🤖 AI Summary
Current embodied artificial general intelligence (AGI) struggles to adapt dynamically to diverse, previously unseen physical embodiments—i.e., real-world agents with heterogeneous morphologies and actuation capabilities—in open, time-varying environments.
Method: We formalize the novel “body discovery” challenge: real-time identification of unknown embodiments and causal interpretation of their neural signals’ functional semantics. To address it, we introduce the first rigorous formal definition of an AI “body,” and propose a unified framework integrating causal structure learning, customized embodied simulation environments, and functional representation modeling of neural signals.

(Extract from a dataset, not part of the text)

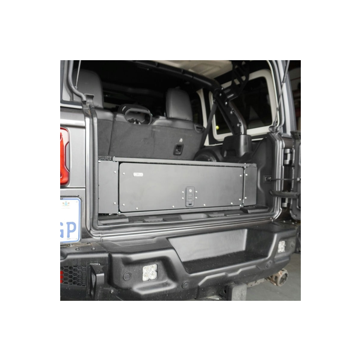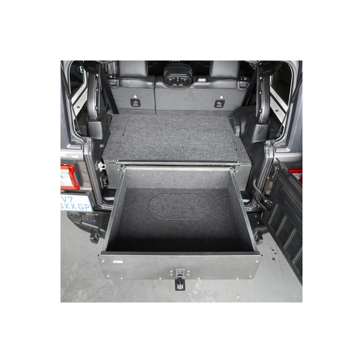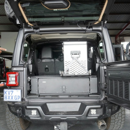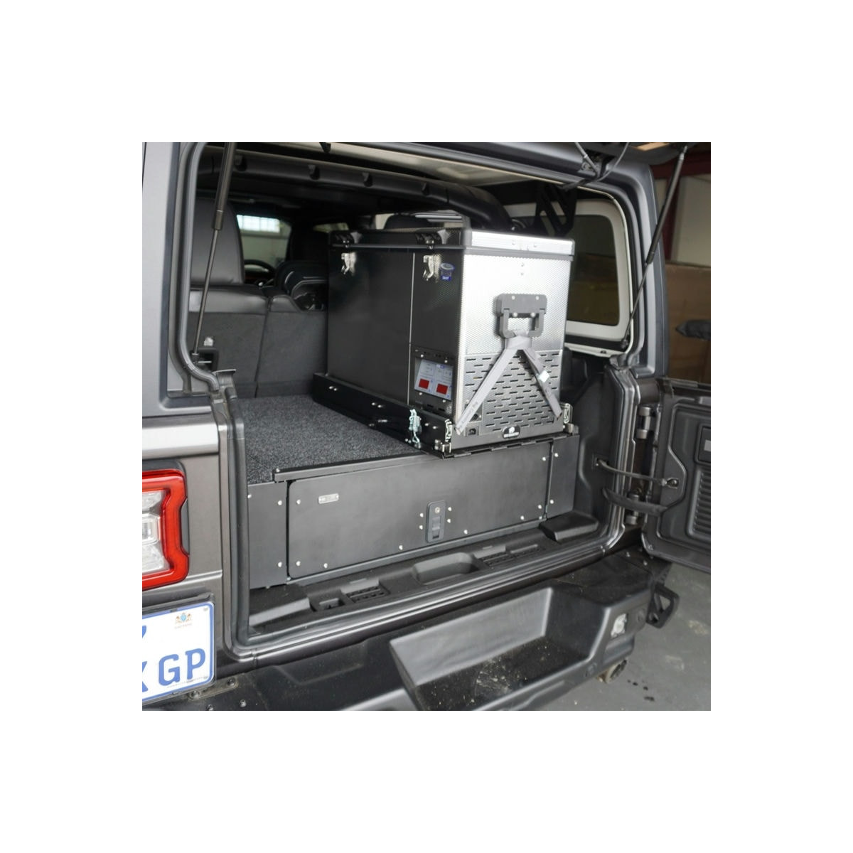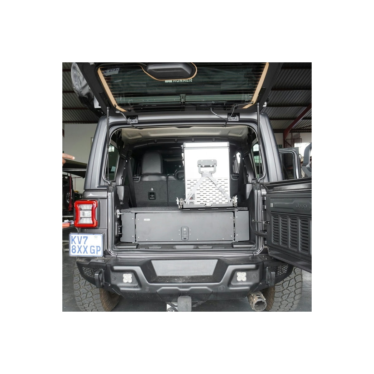 Les panneaux latéraux amovibles s'adaptent parfaitement à votre Jeep Wrangler, offrant un accès pratique à des espaces de rangement supplémentaires pour des équipements comme des compresseurs ou des batteries. Les tiroirs glissent sur des roulements scellés et peuvent supporter jusqu'à 150 kg chacun, avec un intérieur tapissé pour protéger vos effets personnels.

Contribution/Results: Our approach transcends conventional static, predefined embodiment models by enabling causal inference-driven embodiment recognition and functional induction. Evaluated across diverse virtual environments, it achieves significantly improved accuracy in dynamic embodiment identification and enhanced interpretability of functional semantics—establishing a scalable theoretical and technical foundation for generalizable, adaptive embodied intelligence.
📝 Abstract
In the pursuit of realizing artificial general intelligence (AGI), the importance of embodied artificial intelligence (AI) becomes increasingly apparent. Following this trend, research integrating robots with AGI has become prominent. As various kinds of embodiments have been designed, adaptability to diverse embodiments will become important to AGI. We introduce a new challenge, termed"Body Discovery of Embodied AI", focusing on tasks of recognizing embodiments and summarizing neural signal functionality. The challenge encompasses the precise definition of an AI body and the intricate task of identifying embodiments in dynamic environments, where conventional approaches often prove inadequate. To address these challenges, we apply causal inference method and evaluate it by developing a simulator tailored for testing algorithms with virtual environments. Finally, we validate the efficacy of our algorithms through empirical testing, demonstrating their robust performance in various scenarios based on virtual environments.